Exercise brief: Every line in the data below from the one containing "Dieser Kalender veranschaulicht" down to the one containing "Strapshemd und String", both included, must be retyped exactly; no other line is to appear.

Dataset content:
──────────────────────────────

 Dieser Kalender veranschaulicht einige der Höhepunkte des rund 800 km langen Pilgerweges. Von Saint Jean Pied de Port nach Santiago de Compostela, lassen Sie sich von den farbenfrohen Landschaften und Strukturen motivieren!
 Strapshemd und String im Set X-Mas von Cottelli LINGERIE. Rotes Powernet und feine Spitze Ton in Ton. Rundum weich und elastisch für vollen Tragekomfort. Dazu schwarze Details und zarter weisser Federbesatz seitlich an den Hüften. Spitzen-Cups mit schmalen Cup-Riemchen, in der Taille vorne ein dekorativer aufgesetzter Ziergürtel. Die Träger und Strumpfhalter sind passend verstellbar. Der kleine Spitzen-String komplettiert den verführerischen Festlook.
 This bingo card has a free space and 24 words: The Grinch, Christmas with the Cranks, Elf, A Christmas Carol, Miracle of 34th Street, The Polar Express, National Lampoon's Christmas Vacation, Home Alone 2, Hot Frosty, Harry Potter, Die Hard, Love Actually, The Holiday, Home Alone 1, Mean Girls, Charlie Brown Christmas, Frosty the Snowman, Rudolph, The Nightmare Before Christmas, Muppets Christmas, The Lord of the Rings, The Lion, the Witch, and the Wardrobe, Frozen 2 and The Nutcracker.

──────────────────────────────

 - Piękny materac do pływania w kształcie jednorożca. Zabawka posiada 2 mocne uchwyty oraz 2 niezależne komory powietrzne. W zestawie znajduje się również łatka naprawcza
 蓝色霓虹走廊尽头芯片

──────────────────────────────

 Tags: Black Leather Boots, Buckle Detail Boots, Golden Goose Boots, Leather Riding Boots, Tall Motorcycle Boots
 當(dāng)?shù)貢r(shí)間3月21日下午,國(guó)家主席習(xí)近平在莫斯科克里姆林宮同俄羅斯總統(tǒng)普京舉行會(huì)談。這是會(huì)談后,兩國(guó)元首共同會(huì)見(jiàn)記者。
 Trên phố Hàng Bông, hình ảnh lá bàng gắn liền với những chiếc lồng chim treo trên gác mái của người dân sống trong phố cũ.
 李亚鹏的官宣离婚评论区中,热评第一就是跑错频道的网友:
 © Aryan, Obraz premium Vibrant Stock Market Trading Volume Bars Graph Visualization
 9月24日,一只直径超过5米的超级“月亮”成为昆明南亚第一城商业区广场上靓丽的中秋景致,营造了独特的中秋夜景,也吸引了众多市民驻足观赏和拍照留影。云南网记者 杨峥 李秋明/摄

──────────────────────────────

Response to the exercise:
 Dieser Kalender veranschaulicht einige der Höhepunkte des rund 800 km langen Pilgerweges. Von Saint Jean Pied de Port nach Santiago de Compostela, lassen Sie sich von den farbenfrohen Landschaften und Strukturen motivieren!
 Strapshemd und String im Set X-Mas von Cottelli LINGERIE. Rotes Powernet und feine Spitze Ton in Ton. Rundum weich und elastisch für vollen Tragekomfort. Dazu schwarze Details und zarter weisser Federbesatz seitlich an den Hüften. Spitzen-Cups mit schmalen Cup-Riemchen, in der Taille vorne ein dekorativer aufgesetzter Ziergürtel. Die Träger und Strumpfhalter sind passend verstellbar. Der kleine Spitzen-String komplettiert den verführerischen Festlook.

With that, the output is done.